Claudia Meyer: Es ist zu befürchten, dass der Bedarf nicht gedeckt werden kann, aber das kann ich zur Zeit leider noch nicht beurteilen, weil ich erst jetzt Einblick in die vorhandenen Möglichkeiten und Strukturen bekomme. Ich sehe aber ein großes Problem auch darin, dass viele betroffene Frauen sich schämen und / oder sich nicht trauen, Hilfe zu suchen.

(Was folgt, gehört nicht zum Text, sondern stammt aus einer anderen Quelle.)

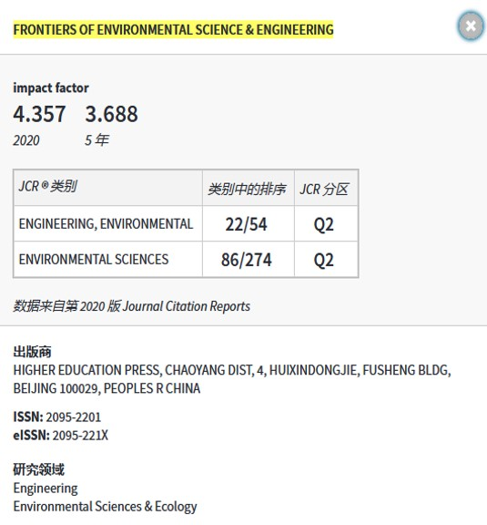 Clarivate released the 2020 Journal Citation Report (JCR) on June 30, 2021. Frontiers of Environmental Science & Engineering (FESE), co-sponsored by Tsinghua University, Higher Education Press, and the Chinese Academy of Engineering (CAE), scored the latest impact factor of 4.357, continuing a steady growth. Falling in Q2, it ranked 86th among 274 journals in Environmental Sciences, and 22nd among 54 journals in Engineering, Environmental.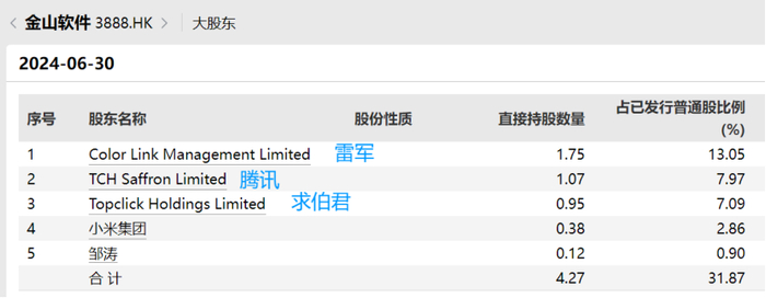 但若细看,这3.08亿股中,9500万股实际为金山创始人求伯君持有,因求伯君表示将以与雷军投票相同的方式对这些股份进行投票,按相关条例,雷军被视作对这9500万股拥有权益,但这部分不应计入其财富。此外,小米集团持有的3834万股,也不应再重复计算到雷军个人名下。
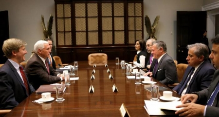 التقى جلالة الملك عبدالله الثاني، اليوم الاثنين، نائب الرئيس الأمريكي، مايك بنس، في واشنطن.
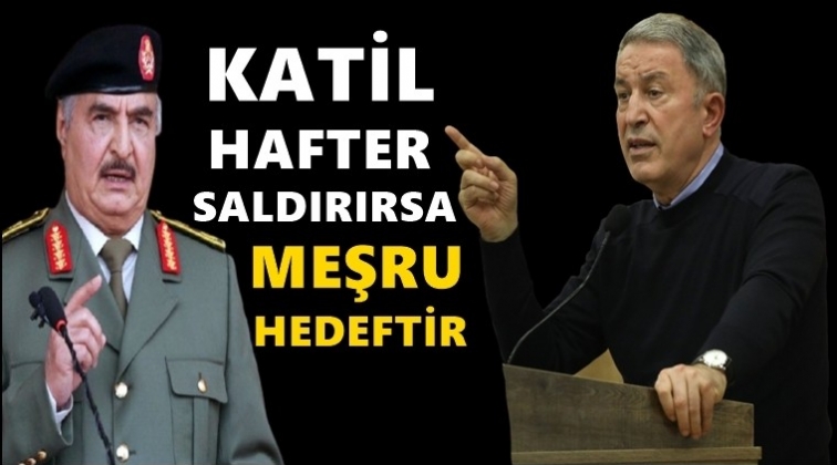 Milli Savunma Bakanı Hulusi Akar, Türkiye'ye karşı savaşa hazır olmaları çağrısı yapan Libya'daki gayrimeşru silahlı güçlerin lideri Halife Hafter'e yanıt verdi: Katil Hafter ve destekçileri Türk unsurlarına saldırı girişiminde meşru hedef olarak görülecektir.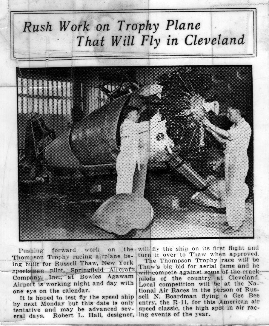 Robert Hall is building a racing plane for the Thompson Trophy event. Russell Thaw, a 21-year-old transport pilot backed by the Guggenheim family, will fly the plane. This will be the first racing plane built by Springfield Aircraft after Hall's split from Granville Brothers, with first test flights planned for August 20.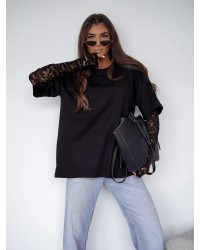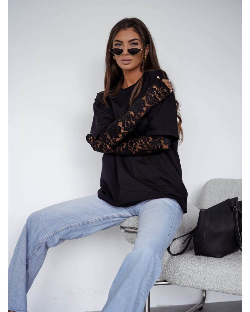 T-shirt z koronkowym rękawem czarny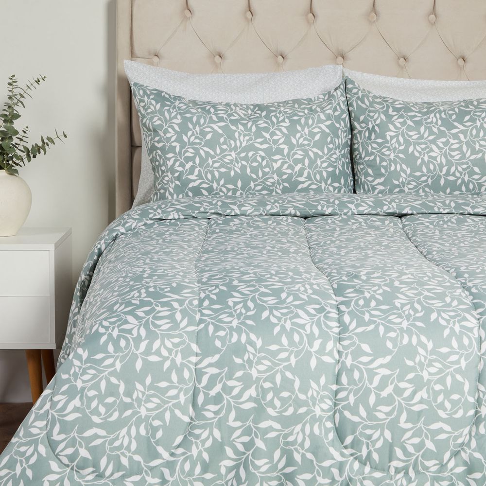 Set Edredón Kaz Micro Print Hojas Verde V2 - Set Edredón Kaz Micro Print Hojas Verde 1.5 Plazas V2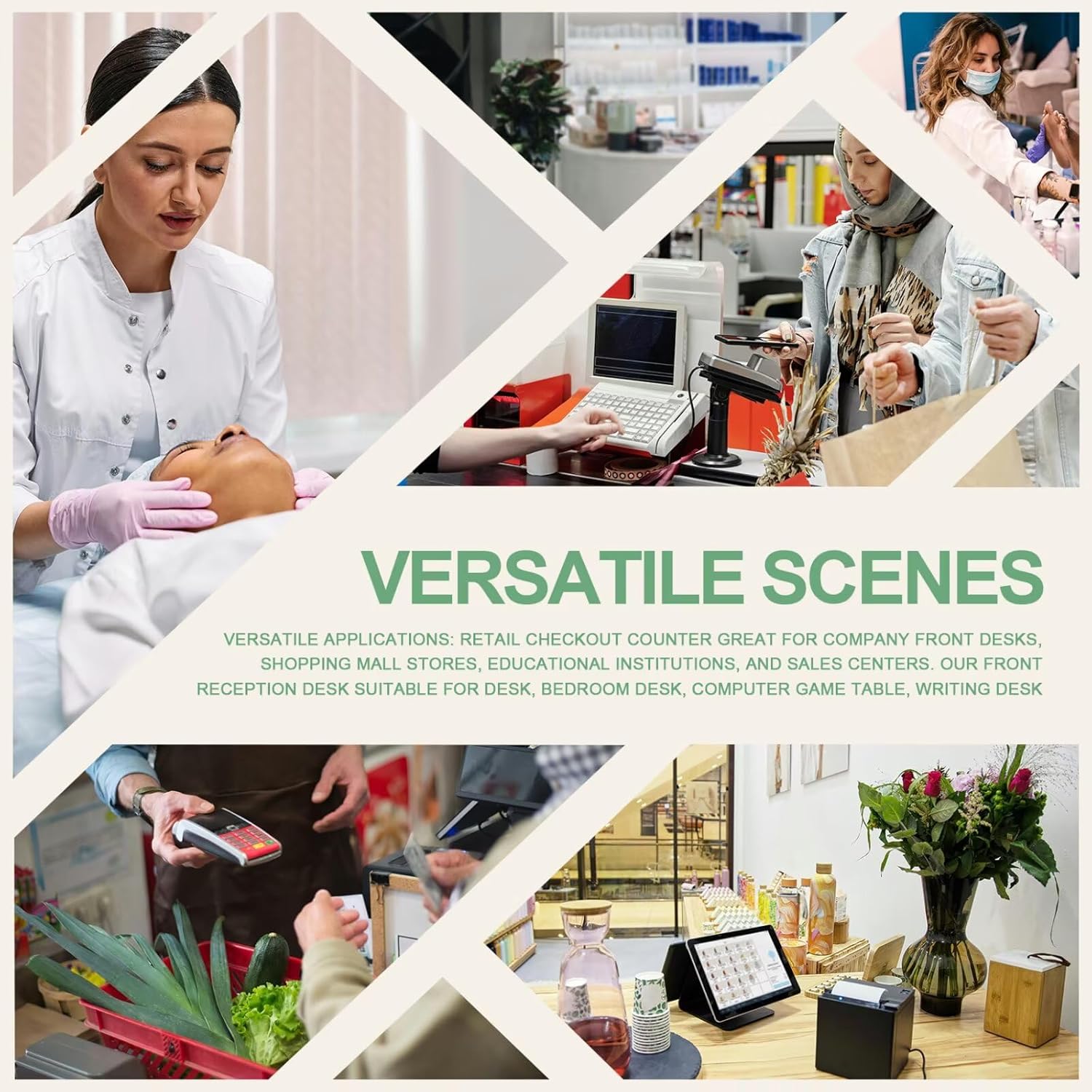 - β VERSATILE APPLICATION: Standing reception desk cashier counter fits anywhere. More than as a check out counter, reception room tables place it in a law office, restaurant or grocey store for boutique shops or even a computer desk in a workstation.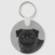 Black Pug Mops Dog Head Close-Up And Custom Name Keychain

Infoarchiv: Eine letzte Frage: Was wünschen Sie den Frauen in Norderstedt ?
Claudia Meyer: Viel Kreativität und Selbstbewusstsein sowie ein bisschen Humor, weil manchmal ungewöhnliche Wege notwendig sind, um ans Ziel zu kommen.
Und dann die Courage, bei Schwierigkeiten (und besonders bei ernsthaften Problemen) aktiv zu werden - und ggf. das vorhandene Beratungs- und Hilfsangebot zu nutzen. Da ist die Gleichstellungsstelle übrigens gern als erste Anlaufstelle bereit, denn hier laufen viele Fäden zusammen. Da wir selbst nicht alles wissen leiten wir ggf. an andere, fachlich versierte Stellen weiter.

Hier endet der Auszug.